Software and statistical analyses

All image analyses were performed using the NIH program ImageJ v. 1.48 v in the 64 bit version run on an Apple MacPro computer equipped with a 2.8 GHz Quad-Core Intel Xeon processor. Most of the macro and plugin used in this study were already published, and are available at https://doi.org/10.5061/dryad.6c44q. The script used to build cumulated sections is detailed as Script S1 whereas random depletion of the vascular signal was obtained by applying a custom routine as detailed in Script S2 in the supplementary material section.
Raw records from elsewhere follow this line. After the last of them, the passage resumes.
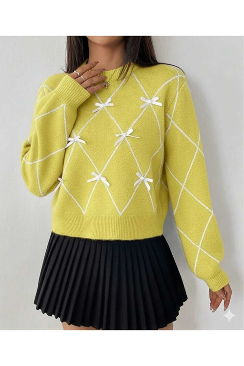 - Modern ve şık bir görünüm için baklava deseniyle süslenmiş, gençlerin enerjisini yansıtan triko kazak.
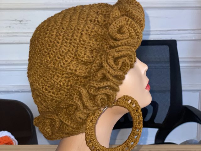 Each Ruffle Hat, comes with a FREE, Crochet Earring to match!
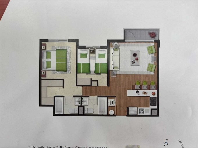 2 dormitorios, 2 baños, cocina amoblada y equipada con encimera, horno y campana. Con logia abierta y lavadero.
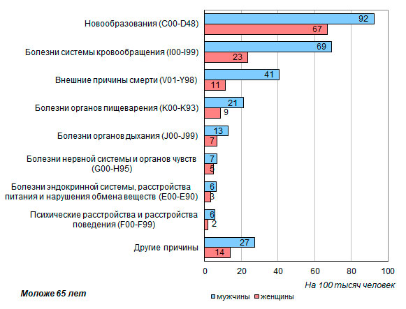 от всех причин смерти в возрасте до 65 лет составил 210 умерших
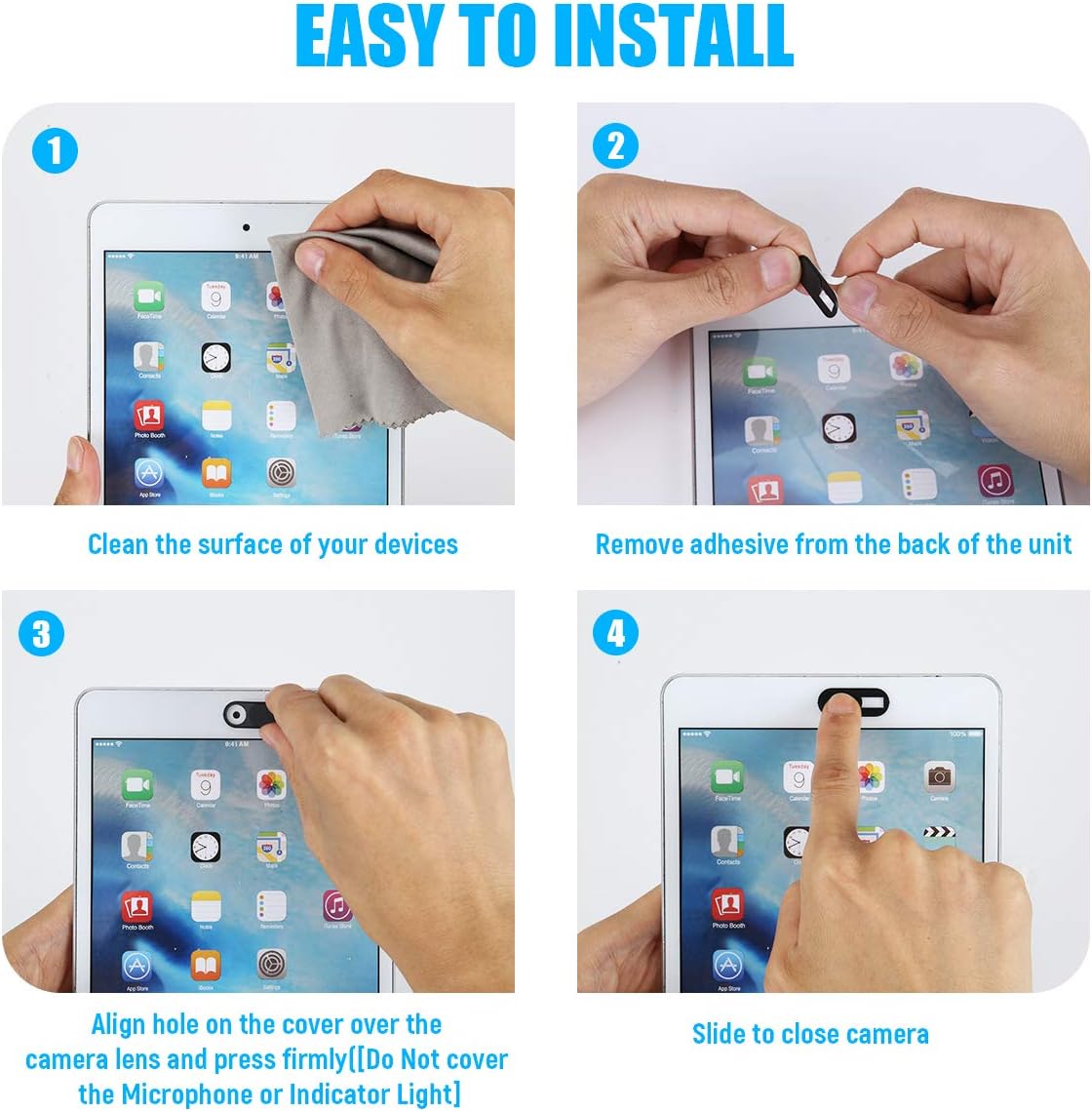 - 【Easy To Install And Use】Just need to simply remove the back sticker and align the camera cover slide to your webcam, attach and press firmly for 15 seconds for a strong. The strong gel provides a durable and reliable connection between your devices and camera cover. Also, the adhesive can be easily applied and removed from the device without leaving any traces.

Statistical analyses were performed using the statistical package Prism 7 (GraphPad Software) run on a Macintosh Pro personal computer (Apple Computers). Student’s t test for unpaired data (2-tailed) was used to test the probability of significant differences between two groups of samples. For more than two groups of samples, data were statistically analyzed with a 1-way analysis of variance, and individual group comparisons were evaluated by the Bonferroni multiple comparison test. Differences were considered significant when p < 0.05.

Similarly, data series or median curves were fitted using the non-linear fitting tool of the same program choosing straight line as the model of fitting. With this tool, we calculated \({\mathbb{R}}\) (slope) and 95% confidence intervals (CI) of slope as well as R2.